Galvanisé
Elèves insupportables aujourd'hui : pas cadrés, pas tenus… Un véritable tumulte dans la salle de cette école ZEP. Et comme toujours dans ces cas-là, des maîtres effacés (ou crieurs !!). J'avais 70 gamins (classes de CM2 et 1 classe de 5ème) à "tenir" pendant 1 heure. Face à une telle situation, il n'y a qu'un choix, et pas deux : je dois "les conquérir".
Alors j'ai fait une véritable performance, inventé des postures, des bons mots, des situations, des rebondissements, trouvé moultes ficelles… Et au bout du compte, ils ont été conquis, pour ne pas dire subjugués !

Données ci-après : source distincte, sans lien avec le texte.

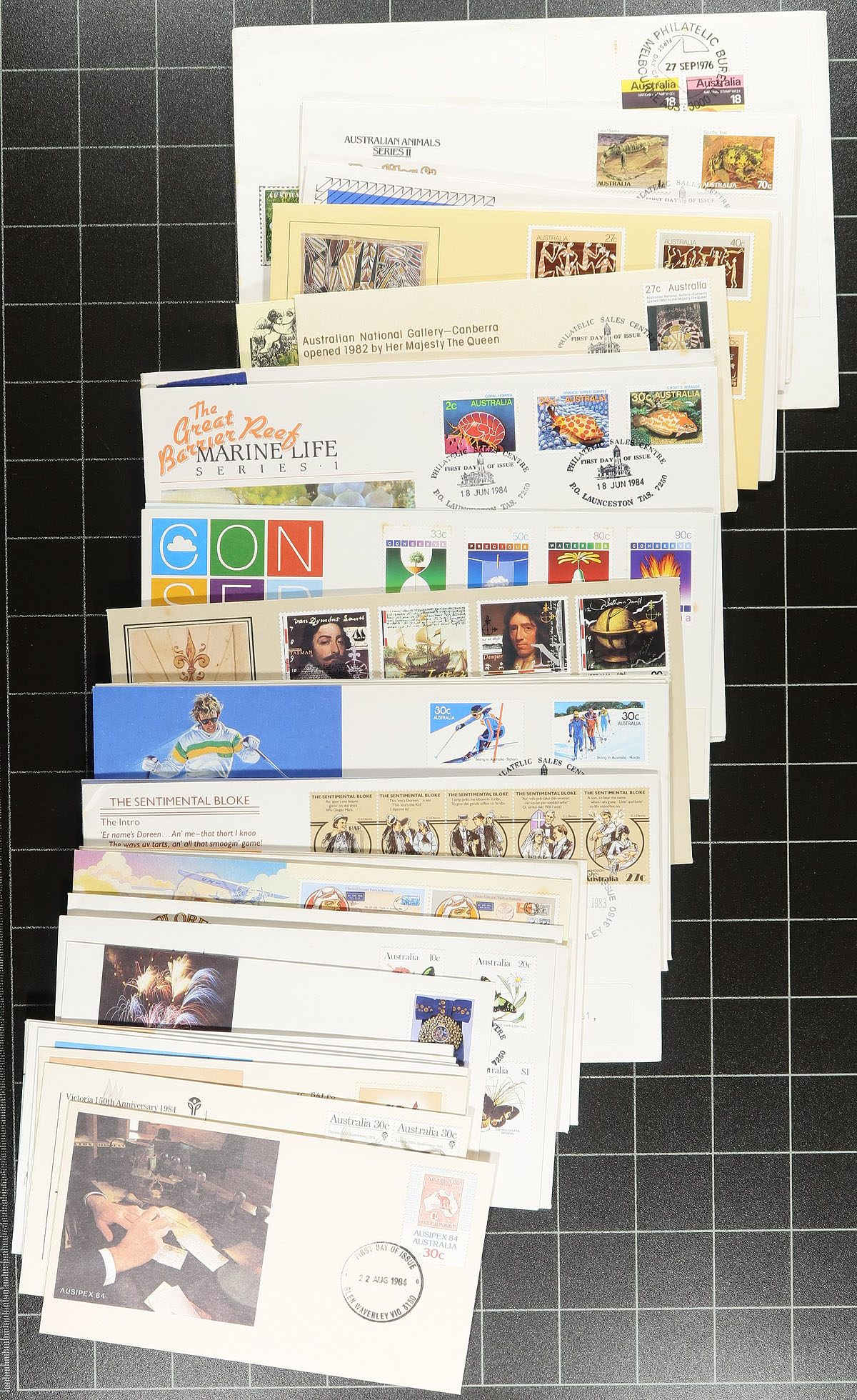 First Day Covers. Bundle of over 200 cachet first day covers from 1946-1987, about 40% with private cachets. The early FDC are from an assortment of cachet makers, including some very nice cachets , transitioning to the 1980's which are mostly Fleetwood cachets and the balance are Australia Post cachets. The early FDCs and a few from the 1980's are addressed, but most are unaddressed. Overall condition is quite good, with only a few duplicates noted. Based on the penciled pricing on a few covers, these haven’t seen the light of day in over 30 years. Substantial catalogue value in Seven Seas. Estimate =

Ce sont ces situations extrêmes qui ont forgé mon métier de conteur.
Je suis sorti de ces séances (il y en a eu 3 d'affilée), non pas sur les rotules, mais gonflé à bloc. Dans la rue, il fallait que je me retienne pour ne pas remonter les bretelles à tous les passants.
Sur le coup de midi, je suis allé prendre le plat du jour dans un petit resto du coin. Comme le service traînait, et comme j'étais encore chaud bouillant, je me suis levé et j'ai dit à toute la salle : "Bon, tant pis, je n'irai pas travailler cet après-midi" ! Et m'adressant aux serveurs : "vous me ferez un mot d'excuses !".
Du coup, j'ai été servi aux petits soins et j'ai même eu droit au café offert ! hé, hé !
Un jour, il faudrait que je parle du pouvoir de la parole. Il est véritable, il peut même être total. Le métier de conteur est un métier de pouvoir. Il importe plus que tout d'en être conscient. Il importe tout autant d'excercer cet art que de savoir aussi s'effacer. Vive les poètes, ils le savent je crois, mieux que nul autre.